WHAT IS REQUIRED: Give back exactly the lines of the material below that start at the one holding "我们的生活离不开各式各样的产" and end at the last line, minus the pictures.

THE DATA:
━━━
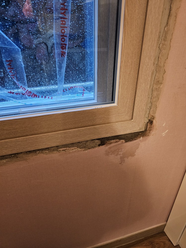 그리고 방 안에 있는 사진을 보시면... 여긴 우레탄 폼 쏴달라 해서 빈 곳 겉에만 대충 쏘긴 했어요. 저도 협회님의 유튜브를 대부분 챙겨본 사람으로 우레탄폼 시공이 얼마나 중요한지 알기에 텅텅 비어있는 공간은 좀 채워달라고 해서 그래도 조금 채운 건데(비어있는 안쪽엔 쏘지 않고 겉에 보이는 부분만 쏘시더라구요. 그리고 내부에서만 쏘고 외부에선 쏘지 않았어요) 이분들 말씀으론 우레탄은 다 채울 필요 없다고 하시며 우레탄은 보통 창호 고정을 위해서 쏘는 거라고 말씀하시더라구요. 그리고 우레탄은 창호 고정용이지 안에 시멘트를 채워 넣는 게 더 좋다고 시공에 더 신경 쓰는 경우엔 우레탄을 제거하고 그 안에 시멘트로 채워 넣는다고 하시네요. 결론은 우레탄은 필요없고 몰탈(시멘트 마감)만 잘 하면된다고 하셨어요. 그래서 이쪽 창호는 안쪽과 바깥 쪽에 몰탈 마감을 하였습니다. 몰탈 마감 후 5일 뒤에 비가 왔습니다. 그날 물이 새어서 시간이 지난 뒤 바닥까지 물이 고였어요. 이쪽 창호는 건물 뒤편이라 드라이비트 외벽 마감을 합니다. 대리석+실리콘이면 그래도 방수가 확실히 될 거 같지만 드라이비트는 접착하는 면에 공간도 생기고 그 사이로 물이 흘러 들어오면 사진처럼 똑같이 물이 새지 않을까 걱정이 되네요. 이 부분도 업자분께선 케미컬을 쏜다고 하는데 도대체 그게 뭔진 잘 모르겠습니다. 내일이나 오시면 다시 물어보겠습니다.
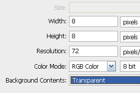 Kliknite zgoraj na File in izberite New... V novem oknu določite Width in Height tolikšen, kolikor ste določili Cell Size v prejšnjem koraku. V mojem primeru je to 8. Background Contents določite Transparent in kliknite na gumb OK. |
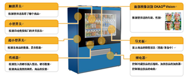 我们的生活离不开各式各样的产品和服务,也因而变得丰富多彩。在街头巷尾随处可见、男女老少皆可使用的自动售货机就是其中的一个典型代表。自动售货机操作便捷,只要付款后就能立即得到温度适宜的饮品等,而为这一系列流程提供支持的有轻触开关、传感器、继电器等多种电子零部件。由于它们都嵌入在产品内部,因而无法进入我们的视线,但是它们都为自动售货机的运转发挥着各自的功能。
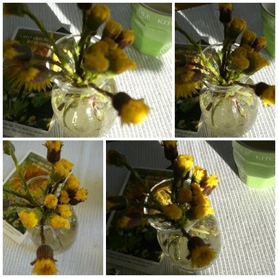 Igår plockade jag tussilago och idag på vägen hem från jobbet plockade jag vitsippor. Nu har vi två små vaser med dessa vackra blommor på vårt köksbord.
━━━
RESPONSE FOR THIS EXERCISE:
 我们的生活离不开各式各样的产品和服务,也因而变得丰富多彩。在街头巷尾随处可见、男女老少皆可使用的自动售货机就是其中的一个典型代表。自动售货机操作便捷,只要付款后就能立即得到温度适宜的饮品等,而为这一系列流程提供支持的有轻触开关、传感器、继电器等多种电子零部件。由于它们都嵌入在产品内部,因而无法进入我们的视线,但是它们都为自动售货机的运转发挥着各自的功能。
 Igår plockade jag tussilago och idag på vägen hem från jobbet plockade jag vitsippor. Nu har vi två små vaser med dessa vackra blommor på vårt köksbord.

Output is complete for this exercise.